## TASK DETAILS:
Only the pictures stay out; every record is to be quoted exactly.
-- Opening Marker --
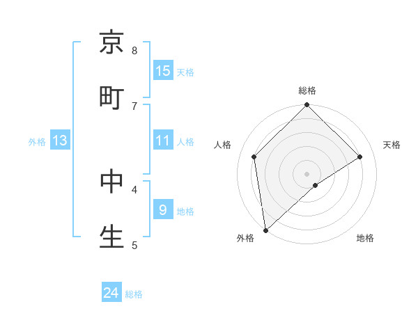 京町 中生さんの総格は24画の5点!
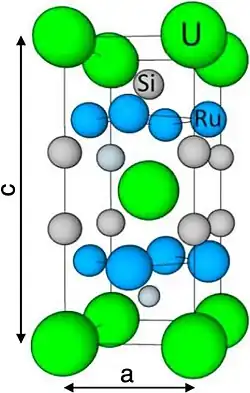 Uranium ruthenium silicide (URu2Si2) is a heavy fermion alloy composed of uranium, ruthenium, and silicon. URu2Si2 has the same '122' tetragonal crystal structure as many other compounds of present condensed matter research. URu2Si2 is a superconductor with a hastatic order (HO) phase below a temperature of 17.5 K.[1][2] Below this temperature, it is magnetic, and below about 1.5 K it superconducts.[3] However, the nature of the ordered phase below 17.5K is still under debate despite a wide variety of scenarios that have been proposed to explain this phase.
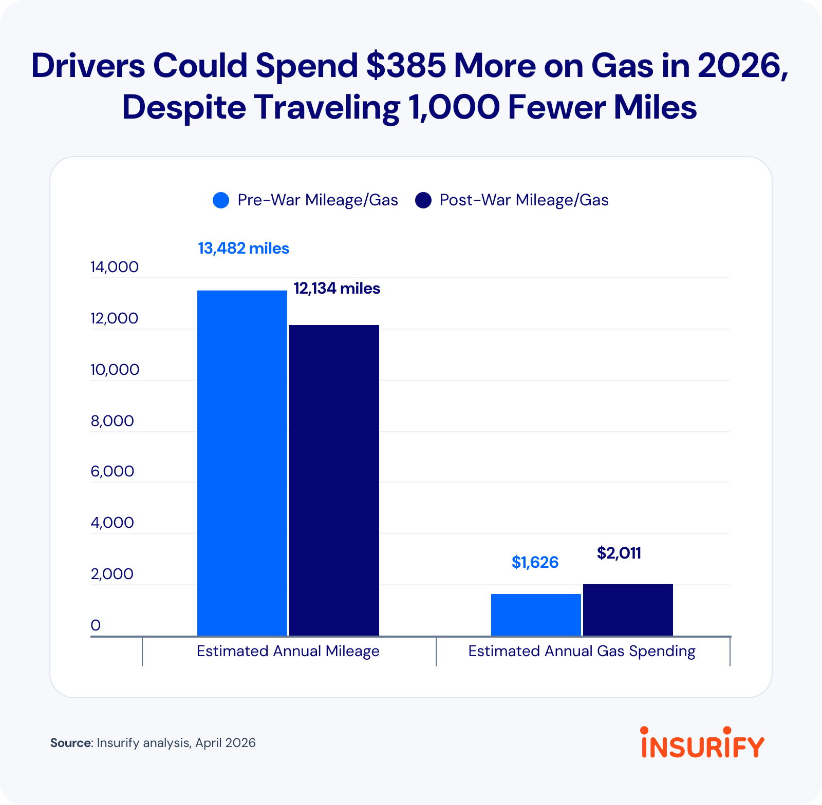 Before the war, the average American was on track to spend about $1,626 on gas over 13,482 miles (12 cents per mile) in 2026, based on an average gas price of $2.94. If drivers reduce their annual mileage by 10% in 2026 and gas prices remain at $4.04, then drivers could spend $385 more on gas, despite driving 1,348 fewer miles — $2,011 at 17 cents per mile.
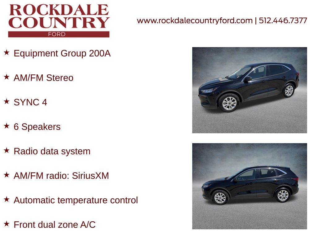 Escape Active, 4D Sport Utility, 1.5L EcoBoost, 8-Speed Automatic, FWD, Black Metallic, Ebony Cloth, 3.81 Axle Ratio, 6 Speakers, Alloy wheels, AM/FM radio: SiriusXM, AM/FM Stereo, Auto High-beam Headlights, Automatic temperature control, Brake assist, Bumpers: body-color, Compass, Delay-off headlights, Driver door bin, Driver vanity mirror, Dual front impact airbags, Dual front side impact airbags, Electronic Stability Control, Emergency communication system: SYNC 4 911 Assist, Equipment Group 200A, Exterior Parking Camera Rear, FordPass Connect, Front Bucket Seats, Front Center Armrest, Front dual zone A/C, Front License Plate Bracket, Front reading lights, Fully automatic headlights, Illuminated entry, Knee airbag, Outside temperature display, Overhead console, Panic alarm, Passenger door bin, Passenger vanity mirror, Power door mirrors, Power driver seat, Power Liftgate, Radio data system, Rear reading lights, Rear seat center armrest, Rear window wiper, Speed control, Speed-Sensitive Wipers, Split folding rear seat, Spoiler, Steering wheel mounted audio controls, SYNC 4, Tachometer, Telescoping steering wheel, Tilt steering wheel, Trip computer, Unique Cloth Front Bucket Seats, Variably intermittent wipers, Wheels: 17" Shadow Silver-Painted Aluminum.
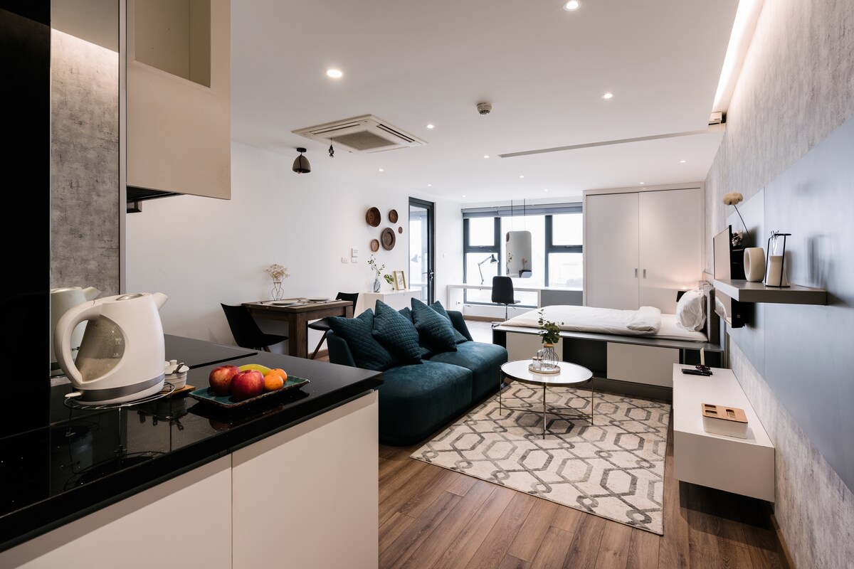 Hello sunshine, your 35m2 studio comes fully furnished with private bathroom & kitchenette and balcony. Free fast and stable Wifi (250Mbps download/upload speed). Premium filtered soft water for the most sensitive skin. Powered by solar energy. Quiet location for deep night sleeps. Free on-site parking. Free cleaning once a week. Fully accessible with lift in the building. Gym on the rooftop garden. Close to West Lake, famous street food & convenience stores. Come to our Eco nest today!
-- Closing Marker --
## RESPONSE TO THIS EXERCISE:
 京町 中生さんの総格は24画の5点!
 Uranium ruthenium silicide (URu2Si2) is a heavy fermion alloy composed of uranium, ruthenium, and silicon. URu2Si2 has the same '122' tetragonal crystal structure as many other compounds of present condensed matter research. URu2Si2 is a superconductor with a hastatic order (HO) phase below a temperature of 17.5 K.[1][2] Below this temperature, it is magnetic, and below about 1.5 K it superconducts.[3] However, the nature of the ordered phase below 17.5K is still under debate despite a wide variety of scenarios that have been proposed to explain this phase.
 Before the war, the average American was on track to spend about $1,626 on gas over 13,482 miles (12 cents per mile) in 2026, based on an average gas price of $2.94. If drivers reduce their annual mileage by 10% in 2026 and gas prices remain at $4.04, then drivers could spend $385 more on gas, despite driving 1,348 fewer miles — $2,011 at 17 cents per mile.
 Escape Active, 4D Sport Utility, 1.5L EcoBoost, 8-Speed Automatic, FWD, Black Metallic, Ebony Cloth, 3.81 Axle Ratio, 6 Speakers, Alloy wheels, AM/FM radio: SiriusXM, AM/FM Stereo, Auto High-beam Headlights, Automatic temperature control, Brake assist, Bumpers: body-color, Compass, Delay-off headlights, Driver door bin, Driver vanity mirror, Dual front impact airbags, Dual front side impact airbags, Electronic Stability Control, Emergency communication system: SYNC 4 911 Assist, Equipment Group 200A, Exterior Parking Camera Rear, FordPass Connect, Front Bucket Seats, Front Center Armrest, Front dual zone A/C, Front License Plate Bracket, Front reading lights, Fully automatic headlights, Illuminated entry, Knee airbag, Outside temperature display, Overhead console, Panic alarm, Passenger door bin, Passenger vanity mirror, Power door mirrors, Power driver seat, Power Liftgate, Radio data system, Rear reading lights, Rear seat center armrest, Rear window wiper, Speed control, Speed-Sensitive Wipers, Split folding rear seat, Spoiler, Steering wheel mounted audio controls, SYNC 4, Tachometer, Telescoping steering wheel, Tilt steering wheel, Trip computer, Unique Cloth Front Bucket Seats, Variably intermittent wipers, Wheels: 17" Shadow Silver-Painted Aluminum.
 Hello sunshine, your 35m2 studio comes fully furnished with private bathroom & kitchenette and balcony. Free fast and stable Wifi (250Mbps download/upload speed). Premium filtered soft water for the most sensitive skin. Powered by solar energy. Quiet location for deep night sleeps. Free on-site parking. Free cleaning once a week. Fully accessible with lift in the building. Gym on the rooftop garden. Close to West Lake, famous street food & convenience stores. Come to our Eco nest today!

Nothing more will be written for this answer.